== WORK TO BE COMPLETED ==
Print out the data below in full and exactly, skipping the pictures.

== SOURCE DATA ==
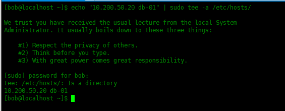 [bob@localhost ~]$ echo "10.200.50.20 db-01" | sudo tee -a /etc/hosts/
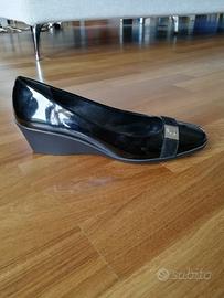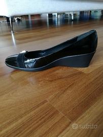 Décolleté in pelle, di vernice, colore nero. Para in gomma cm. 5. Scarpa usata una sola volta, come nuova
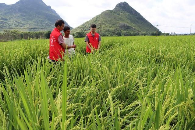 桃加村群众忙着给早造杂交水稻制种赶花
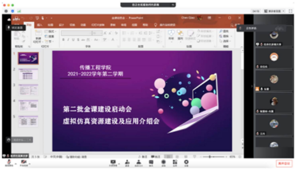 根据学校2022年第二批“金课”建设立项情况,结合疫情防控和工作实际,3月9日下午,传播学院线上召开了2022年第二批“金课”建设启动会议,全体一线专任教师参加了此次会议,会议由副院长陈桥主持。本次会议的主要议程包括“金课”建设标准(含验收指标)解读、第一批“金课”负责人经验分享、课程资源委托采购准备和邀请智慧树数字制作公司讲解一些虚拟仿真资源等内容。

== SOLUTION FOR THIS TASK ==
 [bob@localhost ~]$ echo "10.200.50.20 db-01" | sudo tee -a /etc/hosts/
 Décolleté in pelle, di vernice, colore nero. Para in gomma cm. 5. Scarpa usata una sola volta, come nuova
 桃加村群众忙着给早造杂交水稻制种赶花
 根据学校2022年第二批“金课”建设立项情况,结合疫情防控和工作实际,3月9日下午,传播学院线上召开了2022年第二批“金课”建设启动会议,全体一线专任教师参加了此次会议,会议由副院长陈桥主持。本次会议的主要议程包括“金课”建设标准(含验收指标)解读、第一批“金课”负责人经验分享、课程资源委托采购准备和邀请智慧树数字制作公司讲解一些虚拟仿真资源等内容。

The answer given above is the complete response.